De Hork zit vandaag op zijn praatstoel. Van een enkel dagje uit op de hei naar een uitweiding over het motiveren van het personeel. Laten we gaan kijken of deze twee nog bij elkaar komen…
Motivatie en de hei
De ober serveert twee verse glazen bier uit.

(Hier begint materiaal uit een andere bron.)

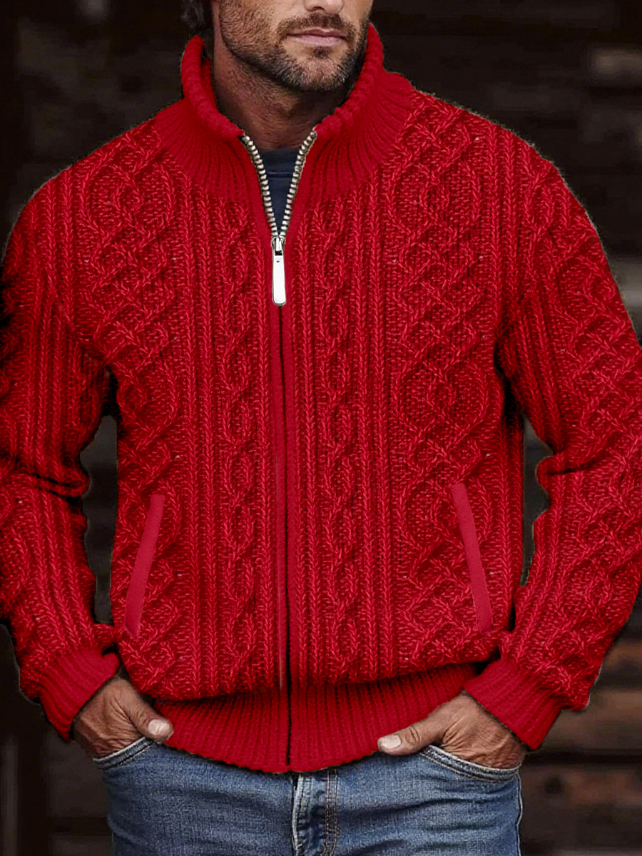 Men's Vintage Cable Texture Cozy Knit Cardigan

“Proost Frits. Op je ambtenaren.”
‘Op de ambtenaren. Proost Hork.’
Beiden nemen een slok.
‘Weetje, Hork. Ik zit me af te vragen wat zo’n sessie op de hei nu doet voor de motivatie van het personeel. Op de bijeenkomst is het gros wel enthousiast. Maar ik kan niet echt zien hoe het met de motivatie van het personeel op de werkplek is. Toch moet zo’n heel proces met sessies op de hei zijn invloed hebben. Hoe zit dat precies volgens jou?’

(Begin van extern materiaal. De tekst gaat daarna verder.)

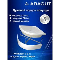 Полукруглый душевой поддон тм ARAGUT 90х90 по всей площади дна имеется закладной элемент толщиной 16мм, что обеспечивает надежность и устойчивость конструкции, устанавливается на стальной оцинкованный каркас из П-образного открытого профиля, исключающий задерживания влаги и появление коррозии. Прост в установке, надежен в эксплуатации, неприхотлив в уходе. Высота поддона от пола до верхнего борта поддона 31см, глубина поддона в районе слива 20см. Поддон на каркасе выдерживает нагрузку 500кг. Поставляется поддон в комплекте с каркасом и съемным экраном. Диаметр сливного отверстия 50мм. Сифон приобретается отдельно (Артикул Маркета 4370571009)

“In de kern is het eigenlijk heel simpel. Een goede directaris heeft na verloop van tijd goed gemotiveerd personeel. Ik zag een keer een artikel in de krant over scholen. De kop boven het artikel luidde: Waar goed management verschijnt, daalt het ziekteverzuim. Ik zou daar aan willen toevoegen: en stijgt de motivatie. Zo’n directaris geeft het hele jaar het goede voorbeeld en heeft dan ook eigenlijk niet zo’n groots opgezet veranderingsproces nodig. Bij zo iemand verandert het gedrag van het personeel vanzelf wel in de goede richting. Mensen voelen dan zich vrijer en gaan met meer plezier naar het werk. Zo’n directaris heeft dus eigenlijk helemaal geen sessies op de hei nodig.Hij doet het elke dag op zijn werk. Scheelt veel kosten en opgeblazen externe adviseurs. Een slechte directaris wil het personeel dwingen.Zo’n veranderingsproces op de hei kan dan als een boemerang op hem terugslaan. Veel personeelsleden zijn ontevreden over de manier waarop hij hen behandelt. Vervolgens gaat hij op de hei oreren tegen zijn mensen dat zij, de mensen, moeten veranderen. Veelpersoneelsleden denken dan, en niet geheel onlogisch lijkt me: laat hij eerst zelf maar eens veranderen, hij is tenslotte de baas. En door met de vinger naar het personeel te wijzen geeft hij aan dat dát er niet inzit. En het personeel begrijpt die boodschap donders goed.Dus daar valt weinig verbetering te verwachten.”
‘Shit. Dus of je een goede of een slechte directaris hebt, zo’n veranderingsproces met die sessies op de hei is dus bijna altijd weggegooid geld.’
“Frits, ik zou het niet beter kunnen zeggen. Proost!”
‘Halleluja. En de burger maar betalen. Proost Hork.’
De Hork heeft het plaatje weer helemaal rond. En.. verandert er nog wel eens wat in uw gemeente?